• Try it
Of all the lines below, output only those starting at the one with "DRJEFUN amber bracelet" and ending at the one with "To będzie szybkie", both ends included, exactly as written.

• Records to process
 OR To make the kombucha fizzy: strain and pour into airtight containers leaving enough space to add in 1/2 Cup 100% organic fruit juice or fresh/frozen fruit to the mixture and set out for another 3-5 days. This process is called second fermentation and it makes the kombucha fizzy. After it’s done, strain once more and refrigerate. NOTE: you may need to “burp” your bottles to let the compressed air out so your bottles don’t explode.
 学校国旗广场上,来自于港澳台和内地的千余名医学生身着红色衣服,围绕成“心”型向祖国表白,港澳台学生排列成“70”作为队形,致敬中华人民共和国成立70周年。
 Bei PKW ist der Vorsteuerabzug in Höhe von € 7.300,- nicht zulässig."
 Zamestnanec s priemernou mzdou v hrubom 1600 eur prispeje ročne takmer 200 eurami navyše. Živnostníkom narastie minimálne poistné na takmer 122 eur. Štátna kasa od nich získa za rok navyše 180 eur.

==

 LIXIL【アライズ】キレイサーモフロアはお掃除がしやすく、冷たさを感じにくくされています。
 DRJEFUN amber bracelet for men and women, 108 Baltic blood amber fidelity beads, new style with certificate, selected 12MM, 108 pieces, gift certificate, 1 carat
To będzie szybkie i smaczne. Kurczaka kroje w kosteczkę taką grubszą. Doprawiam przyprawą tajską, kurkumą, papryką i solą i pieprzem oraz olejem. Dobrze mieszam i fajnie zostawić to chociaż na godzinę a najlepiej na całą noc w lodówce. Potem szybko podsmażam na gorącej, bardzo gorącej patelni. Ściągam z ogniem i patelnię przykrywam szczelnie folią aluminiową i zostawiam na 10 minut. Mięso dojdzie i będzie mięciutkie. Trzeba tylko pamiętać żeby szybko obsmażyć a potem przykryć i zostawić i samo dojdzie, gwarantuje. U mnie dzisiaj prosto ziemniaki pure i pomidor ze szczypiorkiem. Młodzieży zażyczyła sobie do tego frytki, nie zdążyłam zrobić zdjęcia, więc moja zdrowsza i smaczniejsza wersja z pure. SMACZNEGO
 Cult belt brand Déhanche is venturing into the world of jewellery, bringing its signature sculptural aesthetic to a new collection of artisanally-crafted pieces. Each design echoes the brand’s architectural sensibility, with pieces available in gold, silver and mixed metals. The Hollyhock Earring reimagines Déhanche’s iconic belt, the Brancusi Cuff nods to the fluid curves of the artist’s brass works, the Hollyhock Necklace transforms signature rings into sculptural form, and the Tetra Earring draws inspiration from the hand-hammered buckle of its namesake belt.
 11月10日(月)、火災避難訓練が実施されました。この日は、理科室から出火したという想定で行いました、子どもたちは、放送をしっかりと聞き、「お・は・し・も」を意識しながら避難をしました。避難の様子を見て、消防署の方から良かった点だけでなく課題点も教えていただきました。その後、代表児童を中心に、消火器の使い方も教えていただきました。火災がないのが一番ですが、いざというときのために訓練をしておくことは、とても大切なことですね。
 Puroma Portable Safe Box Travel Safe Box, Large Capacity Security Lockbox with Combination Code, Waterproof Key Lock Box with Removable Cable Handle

...

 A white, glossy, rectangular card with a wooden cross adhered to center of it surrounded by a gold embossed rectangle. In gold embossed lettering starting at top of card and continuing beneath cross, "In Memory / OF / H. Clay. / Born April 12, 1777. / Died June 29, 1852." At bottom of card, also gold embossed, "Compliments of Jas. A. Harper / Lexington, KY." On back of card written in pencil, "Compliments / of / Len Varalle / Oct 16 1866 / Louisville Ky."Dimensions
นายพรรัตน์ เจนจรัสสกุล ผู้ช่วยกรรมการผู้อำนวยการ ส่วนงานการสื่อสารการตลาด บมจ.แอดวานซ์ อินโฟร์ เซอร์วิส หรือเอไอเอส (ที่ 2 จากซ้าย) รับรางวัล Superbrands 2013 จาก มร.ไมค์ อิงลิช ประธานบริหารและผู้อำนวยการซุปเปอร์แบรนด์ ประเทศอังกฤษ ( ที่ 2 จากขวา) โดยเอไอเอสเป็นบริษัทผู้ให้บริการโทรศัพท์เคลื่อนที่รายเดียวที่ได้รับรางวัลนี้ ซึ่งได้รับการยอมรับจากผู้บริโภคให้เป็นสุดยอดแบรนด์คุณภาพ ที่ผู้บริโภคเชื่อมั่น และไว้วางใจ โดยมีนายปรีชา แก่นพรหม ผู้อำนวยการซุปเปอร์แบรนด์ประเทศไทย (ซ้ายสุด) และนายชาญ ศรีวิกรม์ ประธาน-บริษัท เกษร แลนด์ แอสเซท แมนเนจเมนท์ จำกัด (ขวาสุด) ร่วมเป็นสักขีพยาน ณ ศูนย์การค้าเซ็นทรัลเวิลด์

• Task result
 DRJEFUN amber bracelet for men and women, 108 Baltic blood amber fidelity beads, new style with certificate, selected 12MM, 108 pieces, gift certificate, 1 carat
To będzie szybkie i smaczne. Kurczaka kroje w kosteczkę taką grubszą. Doprawiam przyprawą tajską, kurkumą, papryką i solą i pieprzem oraz olejem. Dobrze mieszam i fajnie zostawić to chociaż na godzinę a najlepiej na całą noc w lodówce. Potem szybko podsmażam na gorącej, bardzo gorącej patelni. Ściągam z ogniem i patelnię przykrywam szczelnie folią aluminiową i zostawiam na 10 minut. Mięso dojdzie i będzie mięciutkie. Trzeba tylko pamiętać żeby szybko obsmażyć a potem przykryć i zostawić i samo dojdzie, gwarantuje. U mnie dzisiaj prosto ziemniaki pure i pomidor ze szczypiorkiem. Młodzieży zażyczyła sobie do tego frytki, nie zdążyłam zrobić zdjęcia, więc moja zdrowsza i smaczniejsza wersja z pure. SMACZNEGO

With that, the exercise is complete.